Steve saddled Old Snort and rode him down to the Mule Barn late in the afternoon, after chores were done. He had a sack with several days’ worth of groceries in it, and wore a smile that transcended the workaday world.
He ordered a meal that wasn’t at all what his doctor ordered, and just sat there smiling at the rest of us.
“Three days,” Steve said. We nodded and smiled, as if we knew why.
“Going to the cabin for three days,” Steve said. We silently said aah.
Steve’s cabin has been a wonderment to him and to us all. Deep inside each of us is a little voice that says if Steve can build a little cabin in the mountains, complete with a stall outside for Old Snort and a turret for looking down on earthlings, we can, too. We probably won’t, because that’s hard work and most of us have family to consider, but we sure are glad Steve built that little place.
“I’ll bet Snort likes it there, too,” said Doc.

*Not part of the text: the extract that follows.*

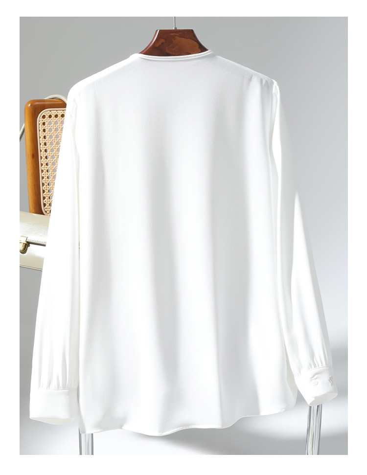 【商务简约】罗蒙女士长袖衬衫舒适百搭优雅通勤圆领系扣衬衫女

“He seems to. I think he likes the pine trees and you know it’s cooler there than it is down here. Hard to tell with a horse, though. Could be he’s just tolerating it.”
“You wish you knew, I’ll bet,” said Dewey.
“Not really,” Steve said, diving into a platter full of deep-fried calories smothered in cholesterol sauce. “If I knew how Ol’ Snort felt about riding up there, and it turned out he didn’t care for it, I’d feel just awful. Every step along the way I’d know he was going against his will. Every time I turned his head up the trail, I’d worry that he wasn’t having fun.
“Why, he might be thinking I’m a cruel guy to make him go up these mountains on what is supposed to be his day off. He’d figure he hadn’t signed up for this kind of duty and might want to talk the other horses into organizing, once we got back.”
“So you’d leave him home and drive up there, I guess.”
Steve twinkled behind the owl mustache. “Of course not. An old pardner of mine like that can’t be left home. Besides, I’m the one giving the orders.”